» Exercise data:
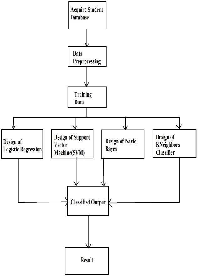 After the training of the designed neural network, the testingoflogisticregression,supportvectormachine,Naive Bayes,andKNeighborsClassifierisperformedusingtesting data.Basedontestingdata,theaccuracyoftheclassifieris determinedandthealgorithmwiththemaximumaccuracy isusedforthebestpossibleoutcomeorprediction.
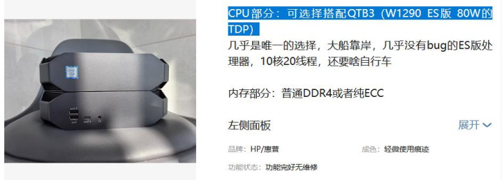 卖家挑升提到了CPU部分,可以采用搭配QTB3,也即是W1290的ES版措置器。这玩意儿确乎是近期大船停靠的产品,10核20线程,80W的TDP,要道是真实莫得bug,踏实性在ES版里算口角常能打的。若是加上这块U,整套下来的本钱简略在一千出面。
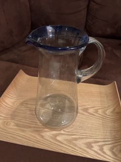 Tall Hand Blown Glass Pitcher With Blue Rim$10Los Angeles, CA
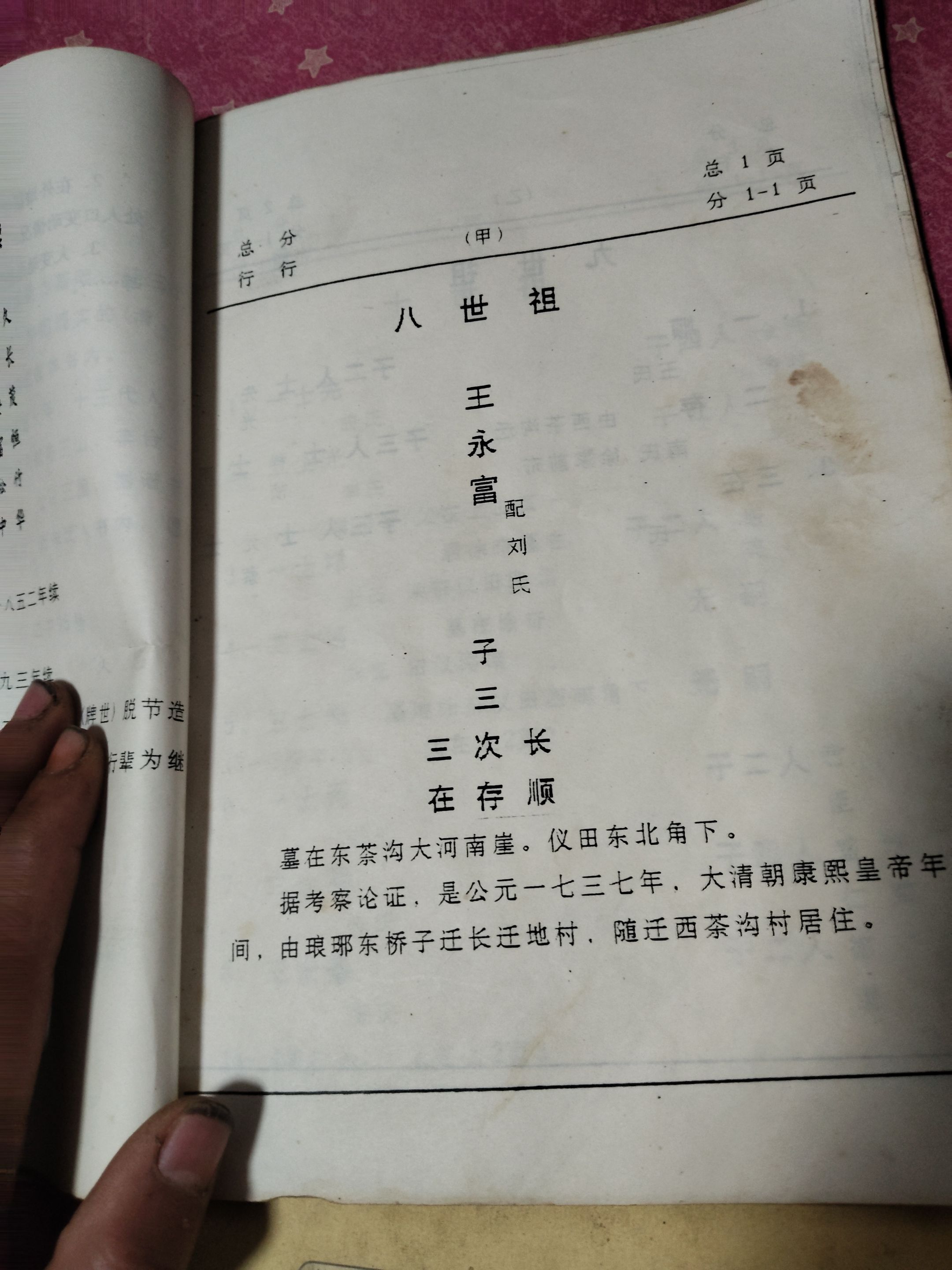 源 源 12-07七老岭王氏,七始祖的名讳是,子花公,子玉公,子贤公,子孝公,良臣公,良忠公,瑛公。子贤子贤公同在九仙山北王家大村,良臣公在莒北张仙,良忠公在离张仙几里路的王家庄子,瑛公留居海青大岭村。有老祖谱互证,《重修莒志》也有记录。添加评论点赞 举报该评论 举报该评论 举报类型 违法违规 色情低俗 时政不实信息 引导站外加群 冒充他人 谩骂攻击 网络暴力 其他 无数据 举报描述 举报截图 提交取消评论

» Work required:
Your copy should hold exactly the lines from the line containing "卖家挑升提到了CPU部分,可" through the last line of the listing above, both included, and no pictures.

» Reply:
 卖家挑升提到了CPU部分,可以采用搭配QTB3,也即是W1290的ES版措置器。这玩意儿确乎是近期大船停靠的产品,10核20线程,80W的TDP,要道是真实莫得bug,踏实性在ES版里算口角常能打的。若是加上这块U,整套下来的本钱简略在一千出面。
 Tall Hand Blown Glass Pitcher With Blue Rim$10Los Angeles, CA
 源 源 12-07七老岭王氏,七始祖的名讳是,子花公,子玉公,子贤公,子孝公,良臣公,良忠公,瑛公。子贤子贤公同在九仙山北王家大村,良臣公在莒北张仙,良忠公在离张仙几里路的王家庄子,瑛公留居海青大岭村。有老祖谱互证,《重修莒志》也有记录。添加评论点赞 举报该评论 举报该评论 举报类型 违法违规 色情低俗 时政不实信息 引导站外加群 冒充他人 谩骂攻击 网络暴力 其他 无数据 举报描述 举报截图 提交取消评论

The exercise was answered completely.